### SUPPLIED ENTRIES
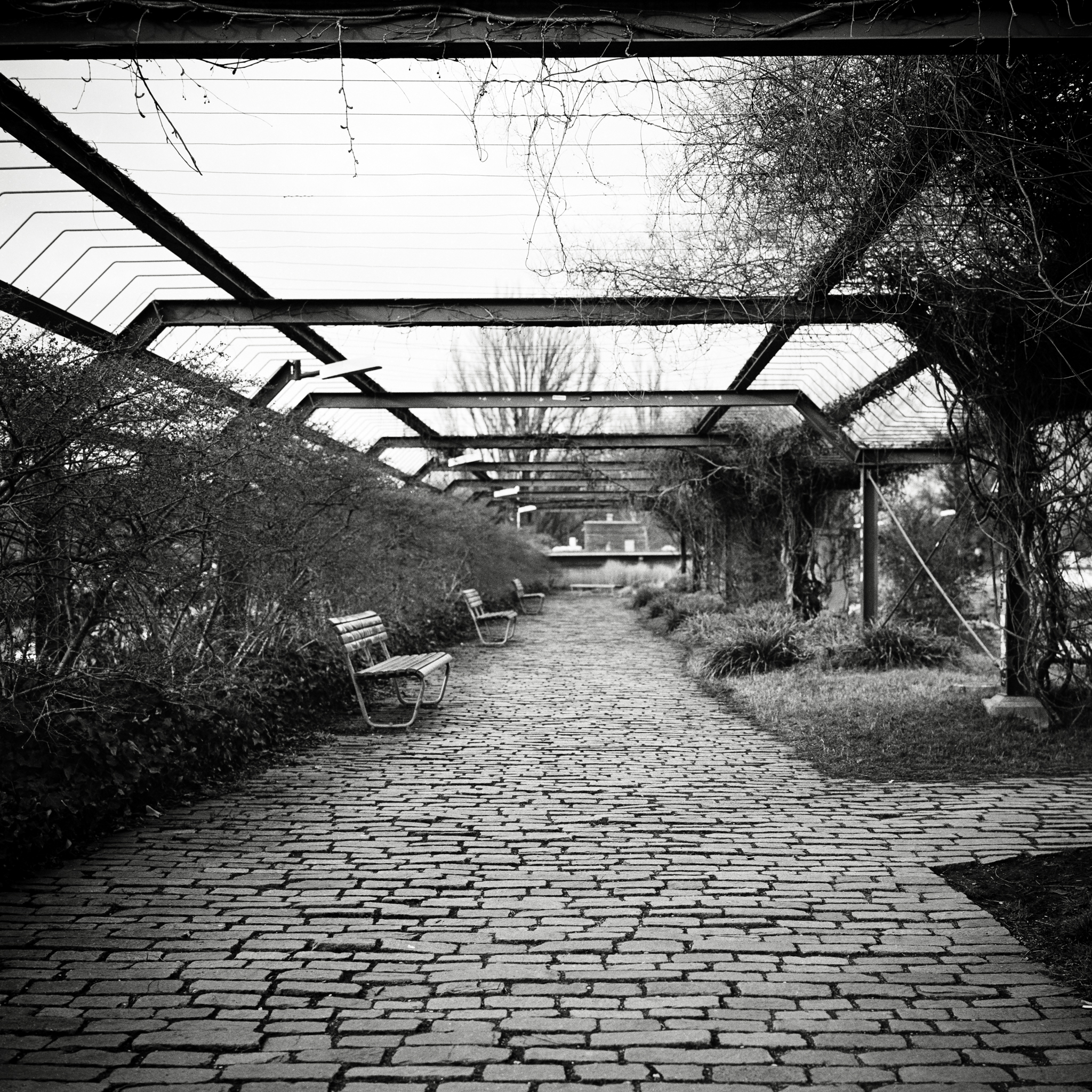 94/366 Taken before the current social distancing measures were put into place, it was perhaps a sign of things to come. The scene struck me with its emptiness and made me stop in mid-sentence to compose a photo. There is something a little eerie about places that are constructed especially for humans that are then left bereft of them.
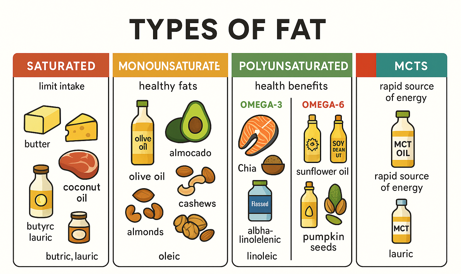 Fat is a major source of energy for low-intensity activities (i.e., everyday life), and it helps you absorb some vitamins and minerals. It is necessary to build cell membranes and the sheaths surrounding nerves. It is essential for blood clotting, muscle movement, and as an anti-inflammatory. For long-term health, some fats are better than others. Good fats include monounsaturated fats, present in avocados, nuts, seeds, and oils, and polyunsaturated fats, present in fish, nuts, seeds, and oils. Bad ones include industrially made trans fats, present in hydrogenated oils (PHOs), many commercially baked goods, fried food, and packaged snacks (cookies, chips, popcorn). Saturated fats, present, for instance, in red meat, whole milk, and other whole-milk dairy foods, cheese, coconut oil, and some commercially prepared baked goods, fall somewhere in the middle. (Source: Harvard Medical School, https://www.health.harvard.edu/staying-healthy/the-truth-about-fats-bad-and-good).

==

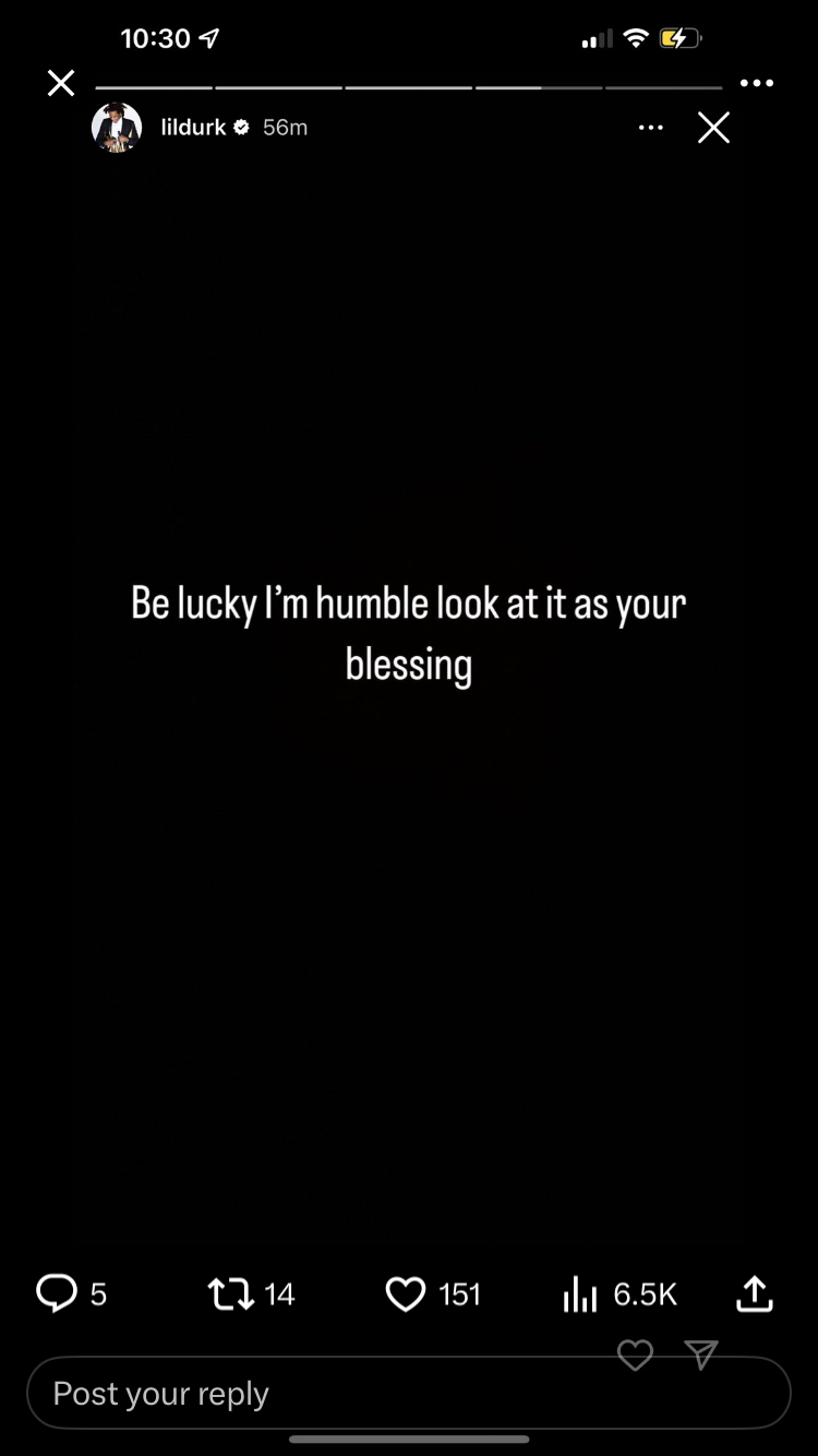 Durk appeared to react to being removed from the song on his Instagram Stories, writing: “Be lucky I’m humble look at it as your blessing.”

---

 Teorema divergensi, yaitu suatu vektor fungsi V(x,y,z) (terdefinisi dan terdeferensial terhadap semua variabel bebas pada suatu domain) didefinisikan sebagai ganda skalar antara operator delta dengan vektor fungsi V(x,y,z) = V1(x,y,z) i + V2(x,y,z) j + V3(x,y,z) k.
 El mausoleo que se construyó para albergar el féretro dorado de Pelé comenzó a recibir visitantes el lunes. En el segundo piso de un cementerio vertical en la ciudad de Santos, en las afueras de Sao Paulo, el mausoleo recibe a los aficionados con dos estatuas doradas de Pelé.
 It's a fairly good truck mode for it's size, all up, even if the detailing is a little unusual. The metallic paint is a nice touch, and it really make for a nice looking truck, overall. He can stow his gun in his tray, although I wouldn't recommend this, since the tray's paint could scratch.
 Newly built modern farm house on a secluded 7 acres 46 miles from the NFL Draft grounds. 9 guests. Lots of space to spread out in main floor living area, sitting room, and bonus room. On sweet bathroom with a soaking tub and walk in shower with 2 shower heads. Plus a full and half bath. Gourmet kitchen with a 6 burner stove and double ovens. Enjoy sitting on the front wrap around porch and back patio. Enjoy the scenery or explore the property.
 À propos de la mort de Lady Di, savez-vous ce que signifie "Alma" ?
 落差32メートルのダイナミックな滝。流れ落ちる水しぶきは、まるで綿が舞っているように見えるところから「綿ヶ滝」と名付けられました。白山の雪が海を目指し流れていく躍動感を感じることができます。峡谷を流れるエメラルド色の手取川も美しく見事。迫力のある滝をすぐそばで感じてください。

### TASK TO CARRY OUT
Look through the data above and return exactly the lines from the one that contains "Newly built modern" to the one that contains "落差32メートルのダイナミッ", inclusive, with nothing else.

### RESULT OF THE EXERCISE
 Newly built modern farm house on a secluded 7 acres 46 miles from the NFL Draft grounds. 9 guests. Lots of space to spread out in main floor living area, sitting room, and bonus room. On sweet bathroom with a soaking tub and walk in shower with 2 shower heads. Plus a full and half bath. Gourmet kitchen with a 6 burner stove and double ovens. Enjoy sitting on the front wrap around porch and back patio. Enjoy the scenery or explore the property.
 À propos de la mort de Lady Di, savez-vous ce que signifie "Alma" ?
 落差32メートルのダイナミックな滝。流れ落ちる水しぶきは、まるで綿が舞っているように見えるところから「綿ヶ滝」と名付けられました。白山の雪が海を目指し流れていく躍動感を感じることができます。峡谷を流れるエメラルド色の手取川も美しく見事。迫力のある滝をすぐそばで感じてください。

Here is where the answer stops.